In my post-BBC incarnation as a public speaker/conference moderator/speaking coach I’m constantly drawing on a journalist’s tool of the trade – story telling. So much so that I found myself running a communications workshop for a major European finance company in which story telling turned out to be the main attraction.
After helping the CEO polish up a speech, peppered with anecdotes, I was approached by two different teams wanting to flex their story telling skills too. Why? Well they’d seen how their CEO was using stories – rather than grandiose policy pronouncements – to get across complex business themes. And they wanted to have a go too. The results were surprising and immediate.

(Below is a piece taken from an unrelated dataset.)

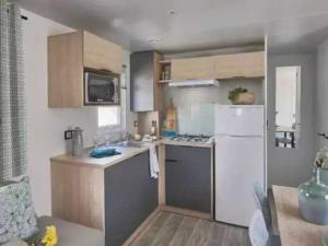Featuring a private entrance, this air-conditioned mobile home comprises 1 living room, 2 separate bedrooms and 1 bathroom with a shower. Meals can be prepared in the well-fitted kitchen, which comes with a stovetop, a refrigerator, a dishwasher and kitchenware. Boasting a terrace, this mobile home also provides an electric kettle and a TV. The unit offers 4 beds.

Even the skeptics (and there were a couple of obvious skeptics) quickly got the hang of it – and found powerful, unexpected examples from their own lives – which worked equally well in a business context. The anecdotes featured confused Americans holidaying in France, an Indian in London whose bank account was hacked, the sensitive decision to set up a joint bank account after marriage… and many other intriguing tales. What they had in common was how a personal story set up and segued into a more complicated (sometimes off-putting) business message, in such a way that the main message became less ‘corporate’ and more memorable.
For the workshops’ participants the surprise was how easy it was – how animated and relaxed they felt when telling stories instead of hammering out jargon-laden pronouncements. And the feedback from the group reinforced that - everyone could see how their colleagues came alive when bringing something of themselves into their corporate communications. The power of stories, we’ve been telling them since the start of time.